Rare Fog Horn Recording Re-discovered

It all began with a walk on a pier for a Christmas present. History and nostalgia came together in Michigan when a forgotten recording of an old foghorn was rediscovered in the tape collections of a former boater.

The tape, of the famous Holland Harbor Light at the entrance from Lake Michigan to Lake Macatawa, was a Christmas gift 36 years ago, recorded by his daughter. Sally Scobey was a young girl when she took a walk with a hand-held cassette tape recorder the summer of 1970 with the idea of capturing the sound of the horn for her father’s Christmas present later that year.

“As the child of Great Lakes boaters, I grew up with the bellowing, melancholy sound of the old fog horns,” said Scobey. “Those foggy days had a special feel. Of course we love the sunny days and glassy seas, but there’s something about those foggy days with the sound of a fog horn in the distance that boaters, cottagers and other water’s-edge dwellers remember with great fondness. Those were the days you took a misty walk along a pier, or curled up with a good book. You never forget those days.”

She knew her father loved the sound too, so she set off with the recorder to create a special gift for him. Little did she know that the walk would preserve history. A failed effort in 1998 to bring back the fog horn at Holland Harbor Light, affectionately known as “Big Red,” prompted Scobey to ask her father, Clint, to find her old recording.

“There was an attempt by local congressmen to insert an amendment into the U.S. Coast Guard budget to re-commission the horn in the late 90’s. The Coast Guard District Headquarters told me bringing back the old horn would be an expensive proposition. It would take scheduling headaches and an army of civilians to staff it on foggy days, which, of course, are unpredictable. I don’t think the bill to re-activate the horn ever got out of the House or Senate, but since there was such an interest in the sound, I started wondering if my recording was unique.”

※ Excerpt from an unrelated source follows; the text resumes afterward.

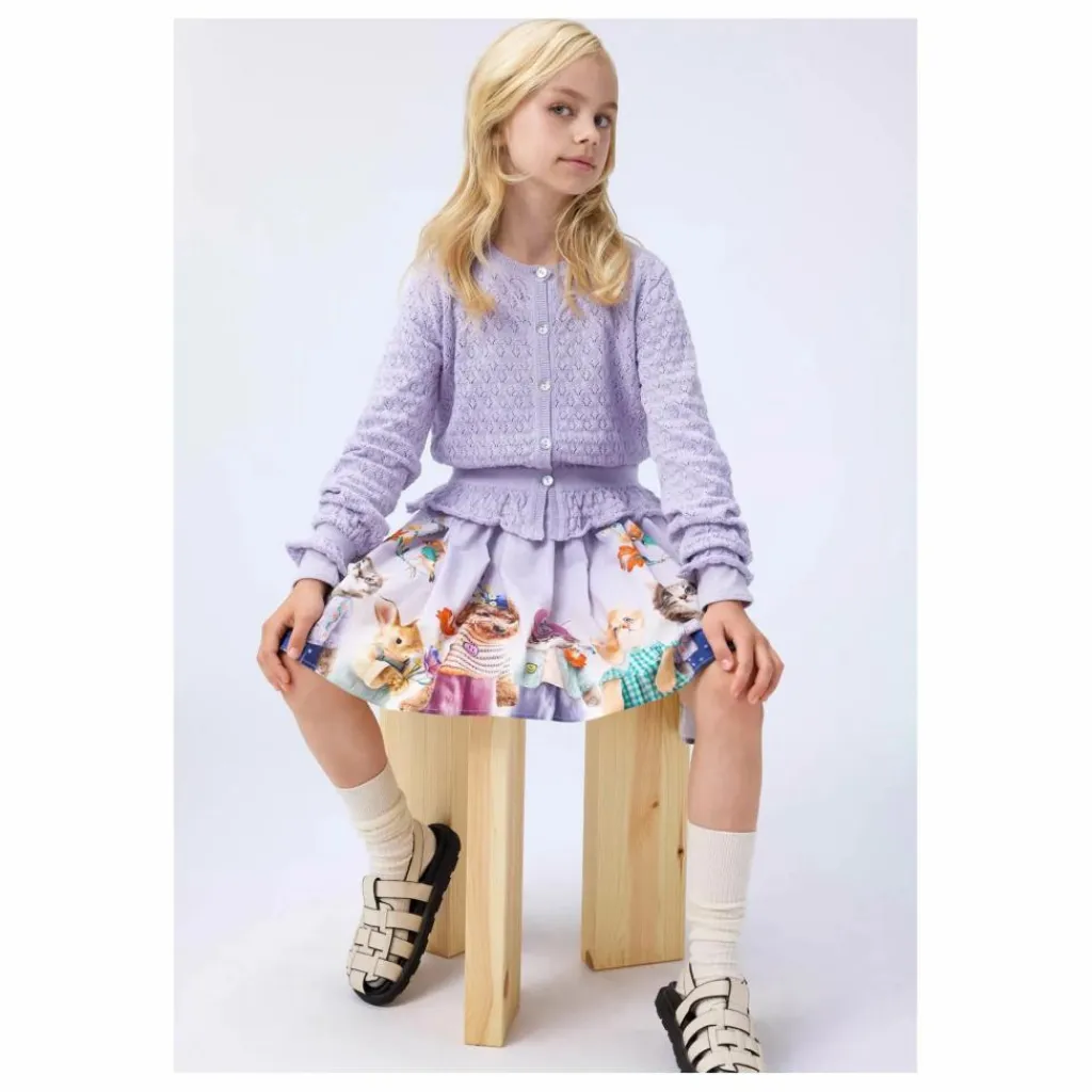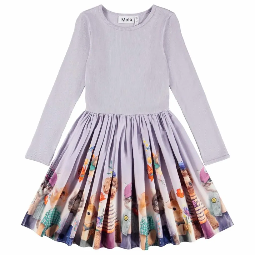 - Cette robe violette à manches longues en coton biologique est composée d’un haut ajusté en jersey côtelé et d’une jupe en popeline. La robe a une coupe régulière avec un imprimé d’animaux habillés sur la jupe.

She called the Holland Historical Trust and Hope College Archives. Both facilities said they were unaware of any other recording of Big Red’s horn, and requested a copy.

With the news that her recording was possibly the only one in existence, Scobey decided to bring back the sound her own way. She took it to an audio production studio to have it digitally mastered, and she decided to share it with others who miss the sound of the old horns. The re-mastered recording has 31 minutes of the horn as it would be heard if walking up and down the pier, then it gradually fades as the recorder moves away down the beach. Geoffrey Reynolds, archivist for the Joint Archives of Holland, requested a copy, but said people would probably not listen to it much on the headphones at his facility. He thought it would be a better background sound to enjoy at home.

Thirty-One minute CD’s of the horn with seagull cries and waves are also sold in the Holland Museum. It is the only known fog horn sound now to be offered on the internet. There has been quite an interest from people reading the unusual story and contacting Scobey for copy, which was first offered on cassette tape in 1998. The interest surprised her.

“People have called me from around the country; even lighthouse catalogues carried it for awhile. I guess the foghorn helps people remember days gone by.

“Sound is a powerful thing. When you hear an old song you immediately remember where you were when it played in your past. The foghorn does the same thing. It reminds people of good times at the beach or on the coast. Life is always simpler in the summer by the water, and the foghorn evokes that kind of feeling.”